An interpretation of the Stele of Revealing as the YH(Sh)VH formula

The four actors in the image represent a particular form of the YHVH formula where the final Heh is bisexual:

Hadit - Yod
Nuit - Heh
Ankh-af-na-Khonsu - Vau
Ra-Hoor-Khuit - Heh

Ra-Hoor-Khuit is in the receptive role in this image; he is seated and accepts the offering of the standing and active Ankh-af-na-Khonsu. Crowley's remarks in Chapter 5 of Book 4 part 3 (on the formula of IAO) are pertinent: while the formula of the Aeon of Isis is female and that of Osiris male, the Aeon of Horus is "Two sexes in one person." Further on this formula is given in Liber Aleph Chapter 175, "On the Eye of Hoor." Lastly, when he versified the text, Crowley has Ankh-af-na-Khonsu say "I have made a *secret door* into the house of Ra and Tum, of Khephra and of Ahathoor." The secret door in this context is the Eye, the Anus, the entry to the nether regions.
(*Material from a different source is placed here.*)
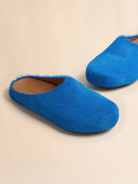 Fussbett Sabot in long hair leather. Barefoot feeling. Fussbett inner sole in leather. Ribbed rubber sole. Made in Italy MODEL SBMR000600P412200B57 COMPOSITION Upper: 100% Calf Hair - Inside: 100% Calf Leather - Sole: 100% Rubber
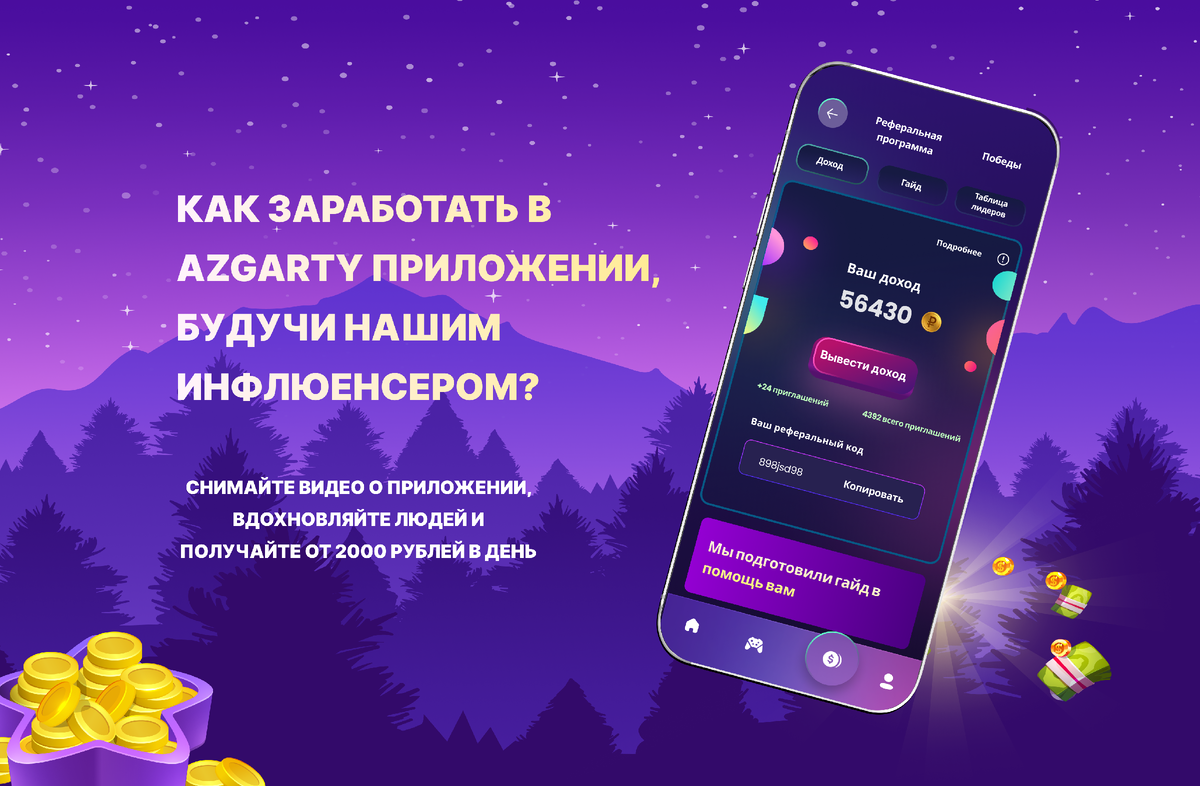 Всем привет! Если вы читаете этот гайд, значит вы хотите зарабатывать и иметь высокий доход. Все что вам нужно — стать Azgarty инфлюенсером! Вам понадобится сделать всего пару простых шагов на пути к мечте! Читайте внимательно - в середине статьи мы анонсировали наш самый крупнейший конкурс для инфлюенсеров! Наша команда верит что каждый из вас — невероятно талантливый и креативный, что каждый может раскрыть свой внутренний потенциал и получать доход в Azgarty приложении. А мы чтобы вас вдохновить и помочь вам в этом интересном путешествии, подготовили систему наград и призы за ваши усилия (действия) в социальных сетях! Что нужно сделать, чтобы стать нашим инфлюенсером и сколько вы можете заработать уже сегодня? Мы увидим ваши ролики, только не забудьте нас отметить в видео или напишите нам на почту и мы оплатим ваши старания! Теперь как именно вы поощряем каждого в AZGARTY ? 1. Наша реферальная система предлагает самую высокую комиссию за каждый переход по вашей ссылке — 10%! А в пери

The offering table then represents the Sh, Spirit, Sun or Purpose in the completed formula YHShVH - the Spirit descending and consuming the offerings on the altar. The four offerings are Bread, Beer, Cattle and Fowl.

Beer - Water
Cattle - Earth
Fowl - Air
Bread - Fire (because baked)

The offerings are for each of the four gods of the house - Ra, Tum, Khephra, Ahathoor.

These two sets of four represent completion in time (the gods of the stations of the day) and space (the things of which creation is composed).
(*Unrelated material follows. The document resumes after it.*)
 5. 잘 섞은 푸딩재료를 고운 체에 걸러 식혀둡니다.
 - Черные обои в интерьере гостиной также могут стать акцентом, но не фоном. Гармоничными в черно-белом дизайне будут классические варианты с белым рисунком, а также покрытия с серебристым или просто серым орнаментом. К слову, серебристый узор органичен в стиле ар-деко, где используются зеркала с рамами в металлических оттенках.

These offerings are numbered 12 on the offering table. Since he is making his gesture towards Ra-Hoor-Khuit in the West, the realm of the dead, the first thing this twelve-fold complete offering represents is the 12 hours of the Sun's journey through the underworld (only exactly so on an equinox). But since the house of Ra and Tum, Khephra and Ahathoor is the whole course of the sun, it also represents the 12 hours of daylight, the world of the living, of "coming forth by day" - the higher aim of the rite being depicted.

Thus interpreted by the YH(Sh)VH formula, and including the incantations on both sides, the Stele represents a ritual of initiation into death and rebirth by the worship of Ra-Hoor-Khuit.